# QSW rear axle beam into a Mk2 GTI...



## greengti81 (Jul 11, 2007)

If the Mk2 beam is the same as a QSW, then wouldn't that be a great place to start building an AWD Mk2? Would it fit? I realize the gas tank and spare tire well would be in the way, but nothing a sawzall can't fix. This being said what is the rear Ring and Pinion ratio on a on a QSW ? I have an Audi TT 6sp. trans with Bevel box and a front to rear drive shaft burning a hole in my storage shed. I can get an 87 QSW for $400. You can see what I'm gettin at. If the QSW rear Diff and a TT Haldex have the same ratio I'm golden.


----------



## QuantumSyncro (Apr 28, 2000)

greengti81 said:


> If the Mk2 beam is the same as a QSW, then wouldn't that be a great place to start building an AWD Mk2? Would it fit? I realize the gas tank and spare tire well would be in the way, but nothing a sawzall can't fix. This being said what is the rear Ring and Pinion ratio on a on a QSW ? I have an Audi TT 6sp. trans with Bevel box and a front to rear drive shaft burning a hole in my storage shed. I can get an 87 QSW for $400. You can see what I'm gettin at. If the QSW rear Diff and a TT Haldex have the same ratio I'm golden.


Can't say that the rear beam axle in a Mk2 and the rear carrier from the QSW have the exact same width. Since the carrier was designed to bolt into the same points as the FWD Quantum we can by extension say that the forward mounts for the QSW carrier will have the same bolt pattern to the mounts.

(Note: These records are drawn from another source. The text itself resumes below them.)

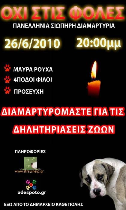 Στις 9 το βράδυ θα διαβαστούν ταυτόχρονα σε όλες τις περιοχές, λίγα λόγια για τα αδικοχαμένα ζωάκια. Όλοι οι φιλόζωοι απαιτούν: από την Πολιτεία να θεσπίσει αυστηρότερους νόμους σχετικά με το δηλητηριασμό των ζώων, από τα Δημαρχεία να τηρούν τα προγράμματα στειρώσεων και φροντίδας των αδέσποτων και από την Αστυνομία να αναλάβουν τις υποχρεώσεις τους για τις περιπτώσεις καταγγελίας δηλητηρίασης ζώων. Η απάνθρωπη αυτή τακτική εξόντωσης αδέσποτων και οικόσιτων ζώων πρέπει να σταματήσει άμεσα από οποιονδήποτε, ανεξαιρέτως. Οι τουρίστες δεν ενοχλούνται από τα αδέσποτα, αλλά από τα πτώματα! Και όλοι μαζί ενοχλούμαστε από τον πόνο που προκαλείται στα ζώα. Αν πέσει στην αντίληψή σας κάποιο τέτοιο γεγονός, κάντε άμεσα καταγγελία στην αστυνομία και ειδοποιήστε όσο περισσότερους φιλόζωους της περιοχής σας μπορείτε.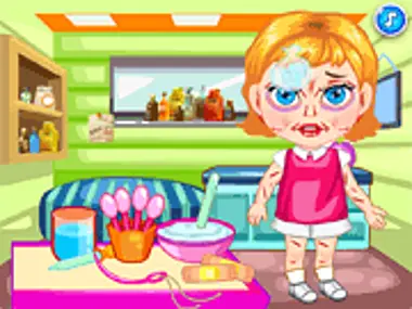 Baby was just playing volleyball then an accident just happened. You need to help baby and perform some first aid!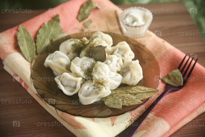 Порция пельмени с лавровым листом и сметаной в тарелке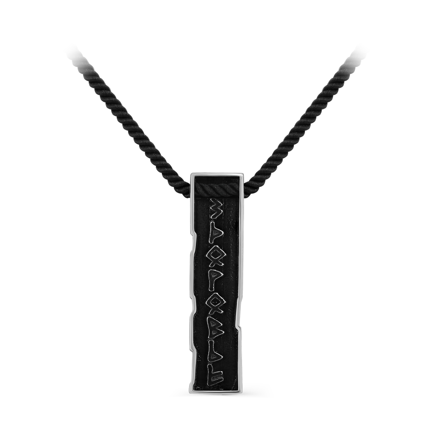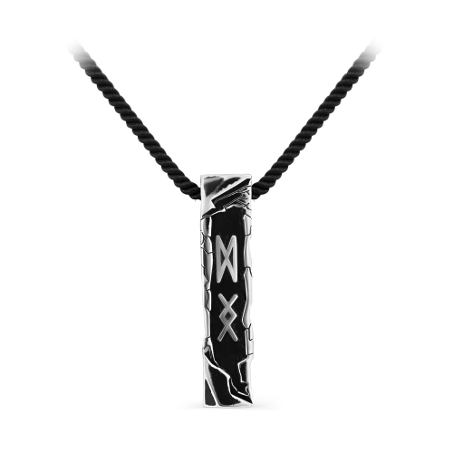 Колье на лавсановом чёрном шнуре с подвеской украшенной надписью "ЗДОРОВЬЕ", выполненной из родированного серебра 925 пробы с керамикой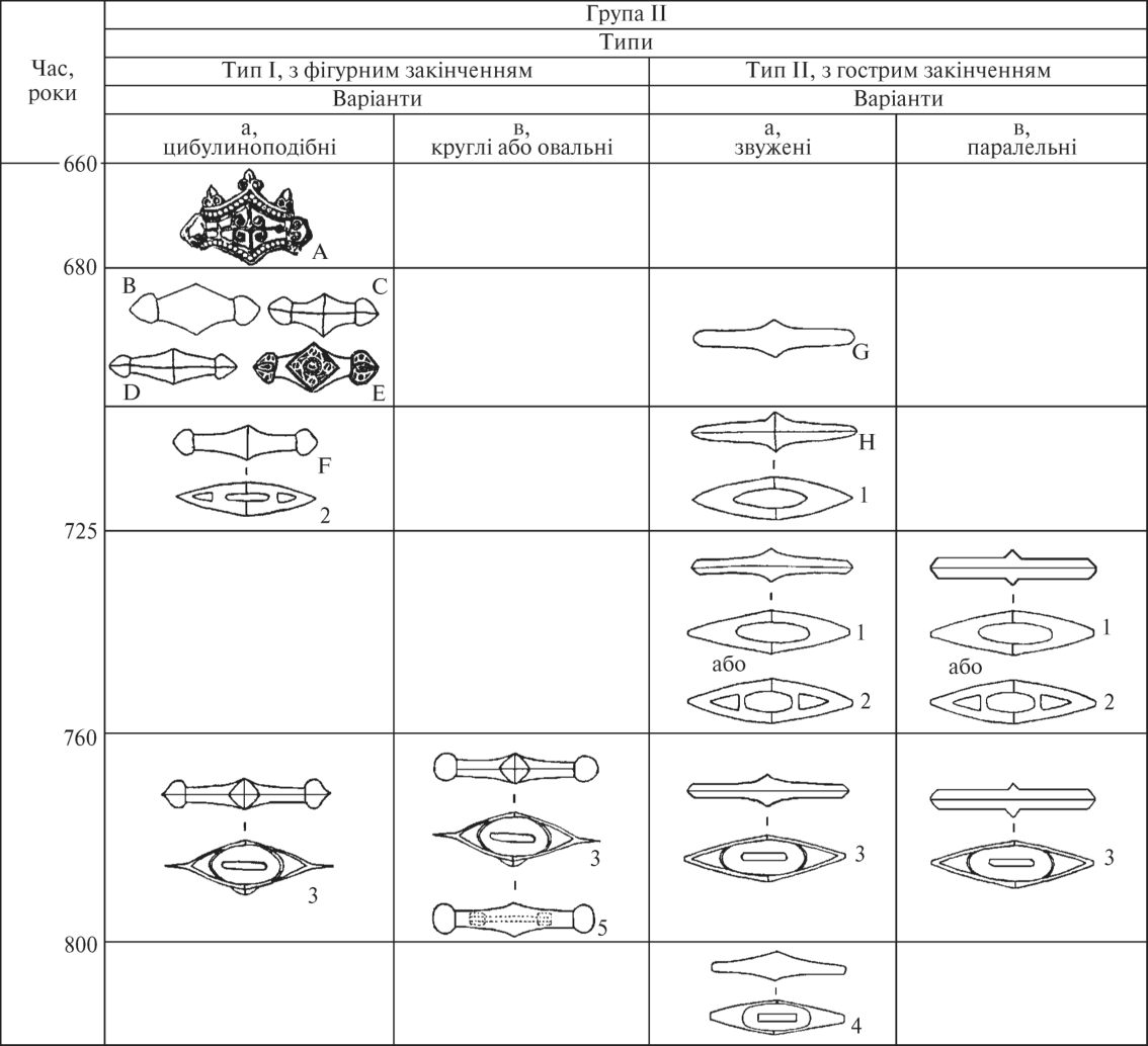 Рис. 6. Типология оружия группы II и хронологическое распределение вариантов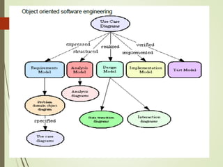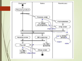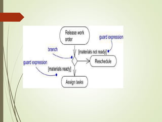 The document provides an introduction to the Unified Modeling Language (UML). It discusses the key principles of modeling and an overview of UML. The UML is a standard language for writing software blueprints and can be used to visualize, specify, construct, and document software systems. The UML has building blocks like classes, objects, use cases and relationships. It consists of diagrams like class diagrams, sequence diagrams, and state machine diagrams. The UML addresses multiple views of a system including use case, design, interaction and implementation views.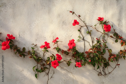 Red flowers climbing a light gray stucco wall.
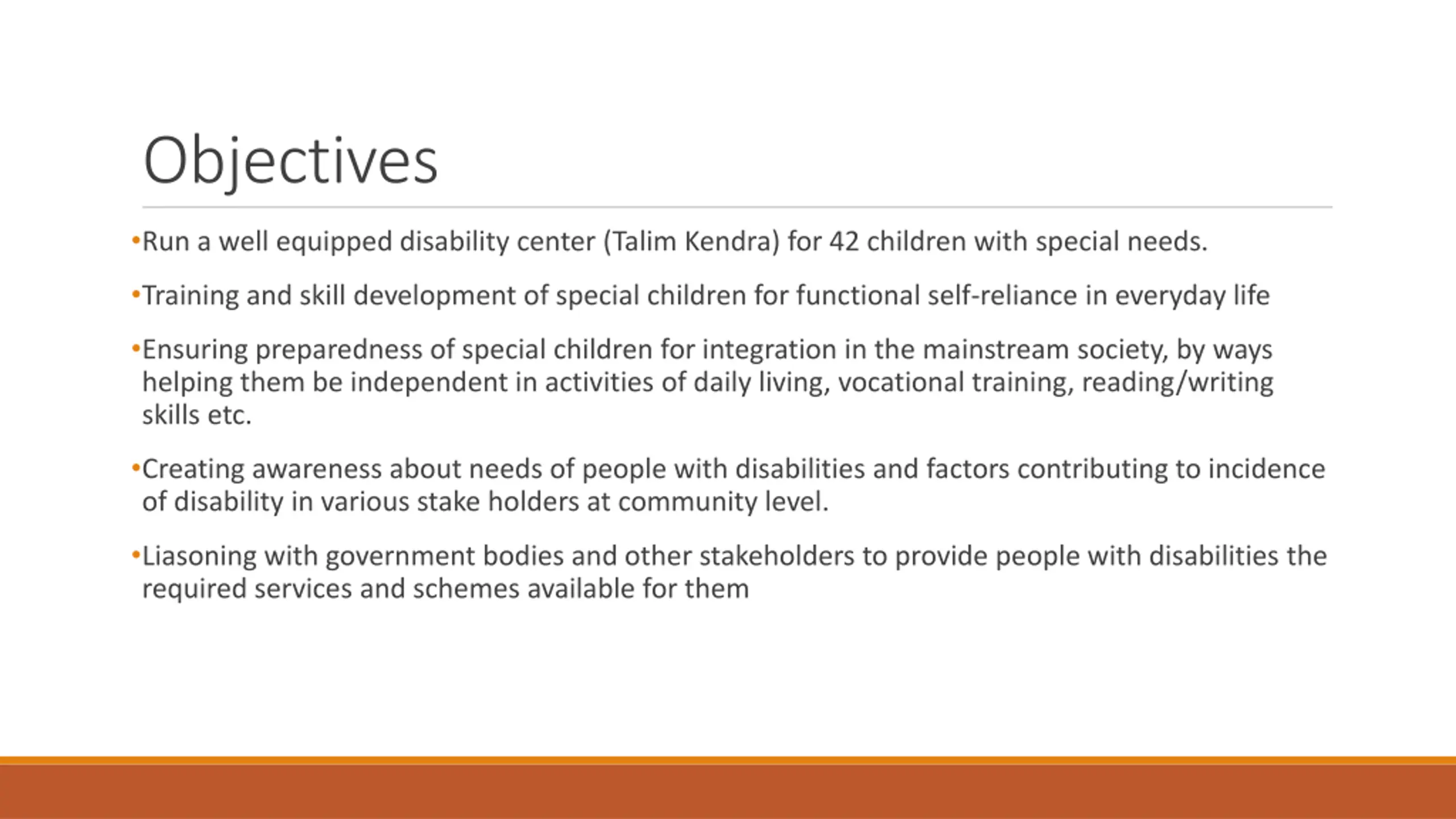 Objectives Run a well equipped disability center (Talim Kendra) for 42 children with special needs. Training and skill development of special children for functional self-reliance in everyday life Ensuring preparedness of special children for integration in the mainstream society, by ways helping them be independent in activities of daily living, vocational training, reading/writing skills etc. Creating awareness about needs of people with disabilities and factors contributing to incidence of disability in various stake holders at community level. Liasoning with government bodies and other stakeholders to provide people with disabilities the required services and schemes available for them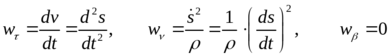 , находим выражения проекций ускорения на оси естественной системы координат: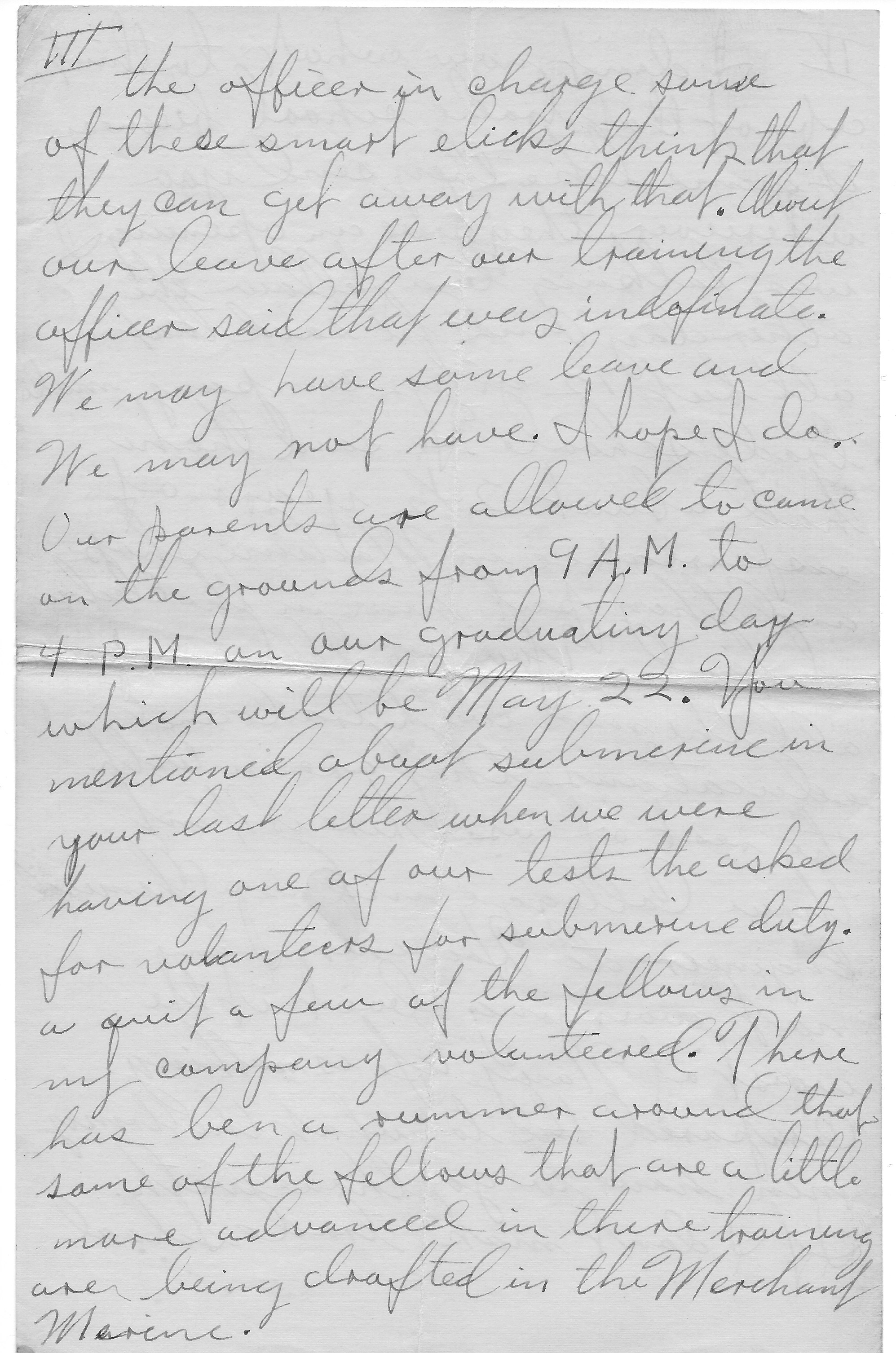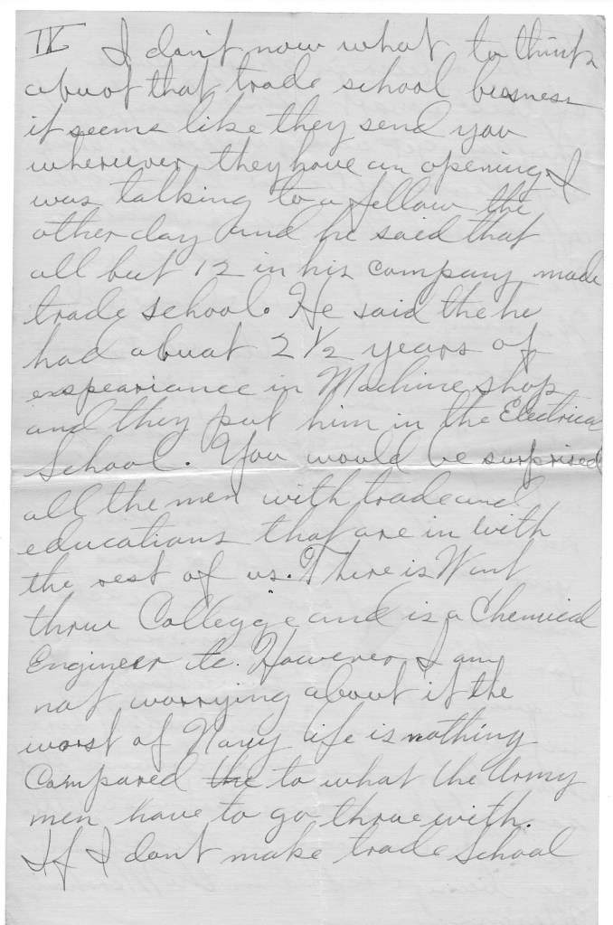 You mentioned about submarine in your last letter. When we were having one of our tests they asked for volunteers for submarine duty. Quite a few of the fellows in my company volunteered. There has been a rumor around that some of the fellows that are a little more advanced in their training are being drafted in the Merchant Marine. I don’t know what to think about that trade school business. It seems like they send you wherever they have an opening. I was talking to a fellow the other day and he said that all but 12 in his company made trade school. He said that he had about 2 1/2 years of experience in a machine shop and they put him in the electrical school. You would be surprised all the men with trade and educations that are in with the rest of us. There is ? through college and is a chemical engineer etc. However I am not worrying about it. The worst of Navy life is nothing compared to what the Army men have to go through with. If I don’t make trade school and get aboard a ship, I will probably get ahead faster.

You'll have to do extensive modification to the rear hatch area in order to attach the center mount for the carrier.

It's already been done....at the factory ala Golf Syncro (and Country) so best to start by looking at the undercarriage of those two models. You might also get some good info from the Passat Syncro B3 sold in Canada.

For the fuel tank you'll probably have to to get one from Europe.

steve


----------